Avec Harris Dickinson et Stanley Simons, Zac Efron et Jeremy Allen White incarnent l’amour fraternel avec beaucoup de sensibilité, l’une des «préoccupations» du réalisateur. (Photo : metropolitan filmexport)

Le réalisateur Sean Durkin revient sur l’histoire vraie et tragique des frères Von Erich, icônes du catch dans les années 1980. Une saga familiale faite de gloire et de drames.

Derrière le grand spectacle, les provocations au micro, les prises folles et les accoutrements des lutteurs, on sait que le catch n’est pas un monde de paillettes comme il le montre en surface. Dans les coulisses, le tableau est plus sombre : blessures, drogues et concurrence fragilisent les combattants. Car derrière les muscles, il y a toujours un petit cœur qui bat. L’illustration cinématographique la plus convaincante reste celle de Darren Aronofsky qui, avec The Wrestler (2009), montrait toute la détresse du milieu, incarnée par un Mickey Rourke bouleversant. Celle de Sean Durkin, réalisateur jusque-là sous-estimé (Martha Marcy May Marlene, The Nest), est aussi édifiante.
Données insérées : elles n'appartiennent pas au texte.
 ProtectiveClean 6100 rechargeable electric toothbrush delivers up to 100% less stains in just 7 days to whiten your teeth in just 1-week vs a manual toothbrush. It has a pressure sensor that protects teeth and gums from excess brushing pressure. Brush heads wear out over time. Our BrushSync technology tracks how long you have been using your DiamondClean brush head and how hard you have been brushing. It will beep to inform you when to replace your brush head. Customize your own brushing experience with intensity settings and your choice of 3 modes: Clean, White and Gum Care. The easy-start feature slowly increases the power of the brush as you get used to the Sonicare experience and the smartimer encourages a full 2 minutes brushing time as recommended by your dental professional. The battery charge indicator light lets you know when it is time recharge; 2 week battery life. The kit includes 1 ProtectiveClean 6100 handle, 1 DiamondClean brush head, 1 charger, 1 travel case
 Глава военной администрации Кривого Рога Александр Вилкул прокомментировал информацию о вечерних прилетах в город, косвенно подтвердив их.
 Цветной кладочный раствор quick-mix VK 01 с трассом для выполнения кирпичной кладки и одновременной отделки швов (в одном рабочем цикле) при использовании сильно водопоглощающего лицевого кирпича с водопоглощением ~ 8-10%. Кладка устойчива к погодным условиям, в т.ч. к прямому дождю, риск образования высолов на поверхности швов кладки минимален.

Surtout qu’elle se base sur une histoire vraie.

Un film qui prend racine dans son enfance en Angleterre, lorsqu’il dévorait les pages de Pro Wrestling Illustrated. «J’étais attiré par ces artistes pour leur style rock-and-roll, qui reste le fondement du catch moderne», dit-il. Jusqu’au jour où un article est consacré à la mort de Kerry Von Erich. «Cela m’a brisé le cœur. Je l’avais vu lutter en direct plusieurs fois et j’étais un grand fan de lui et de sa famille. Je savais que ses autres frères étaient morts quelque temps auparavant (…) Leur perte m’a profondément affecté.» Comme il le précise encore, les Von Erich, outre-Atlantique, sont considérés comme «les Kennedy du sport». Comprendre un mythe fait de triomphes et de drames.

Saga familiale

The Iron Claw est donc avant tout une saga familiale, illustrant l’une des histoires les plus sombres du sport aux États-Unis. On est à la fin des années 1970, au Texas. Il y a d’abord le père, ex-catcheur, passé tout près de la reconnaissance. Sa spécialité ? La «griffe de fer», justement, qui consiste à écraser le crâne de ses adversaires avec ses mains.
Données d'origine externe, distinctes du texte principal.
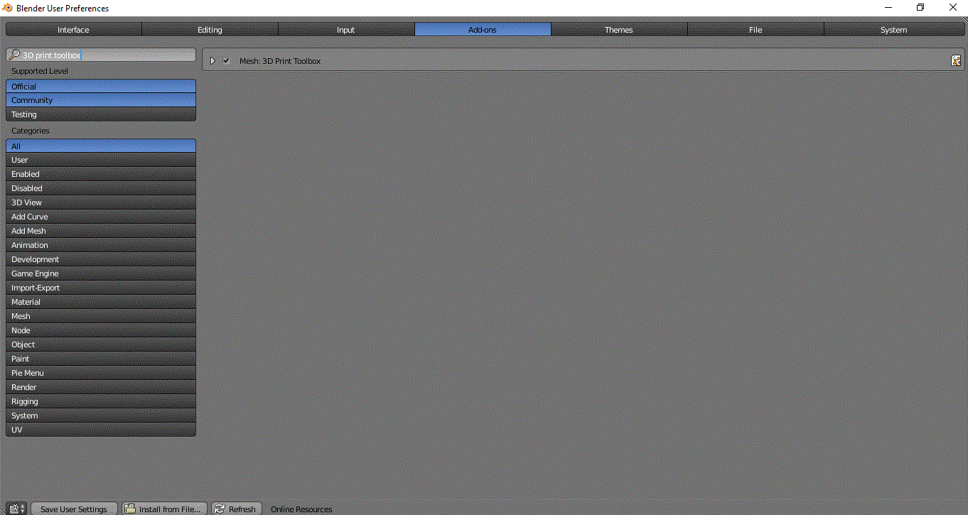 Add-ons->Escribimos "3D print Toolbox"-> Seleccionamos el Add-on

Il imagine le même destin pour ses garçons, qu’il éduque sur cette base : tout ne doit être que virilité, puissance et muscles, avec cette idée qu’«être le meilleur, à tout prix, est la seule manière de survivre», insiste le réalisateur de 42 ans. Un entêtement et une sévérité dont vont faire les frais les quatre frères, Kevin, David, Kerry et Mike. Certes, les trois premiers rafleront pas moins de 28 titres. Mais, revers de la médaille, un seul restera en vie et dépassera l’âge de 35 ans…

C’est une véritable tragédie grecque au cœur de l’Amérique!

Toujours Sean Durkin : «C’est une véritable tragédie grecque au cœur de l’Amérique!». Mieux, du Shakespeare avec ses gloires, ses illusions, ses douleurs et ses résurrections. Inspiré par des œuvres comme Raging Bull ou The Deer Hunter, dans une vision proche des films d’auteur des années 1970, The Iron Claw brasse large et aborde, pêle-mêle, la quête du succès, la fraternité, la découverte et l’acceptation de soi, sans oublier les effets néfastes de la masculinité extrême. «Je voulais montrer ce que ça signifie de faire l’éloge de la virilité, de lutter contre les émotions, de ne pas avoir peur, ni d’avoir mal…» Chez les Von Erich, en effet, toutes les souffrances sont étouffées et la religion reste la seule délivrance.

Portrait intime et épique, le film, au delà des prouesses athlétiques et de la pantomime, raconte les «mensonges du rêve américain» et ce que cela implique en termes de santé, physique et mentale. Les débuts du catch aux États-Unis étaient particulièrement éprouvants pour les sportifs, en déplacement toute l’année et peu soutenus. «Ils mettaient leurs corps à rude épreuve, juste pour le divertissement, et s’ils ne pouvaient pas lutter, c’était fini pour eux!», rappelle Sean Durkin. Idem pour l’aspect psychique : «L’ironie, c’est que les catcheurs expriment toutes leurs émotions sur le ring, les hauts comme les bas. Mais quand ils quittent la scène, ils ne peuvent plus le faire à cause de l’injonction archaïque et absurde d’être un homme, un vrai».

Amour fraternel

Pour incarner ce mélange de force et de fragilité, Zac Efron, 36 ans, crève l’écran. Coqueluche de Disney dans les années 2000, notamment avec la série de films pour adolescents High School Musical, il est méconnaissable, bodybuildé de la tête aux pieds en raison d’une préparation extrême. À ses côtés, Jeremy Allen White, 32 ans, héros de la série multirécompensée The Bear, montre lui aussi l’étendue de sa palette d’acteur.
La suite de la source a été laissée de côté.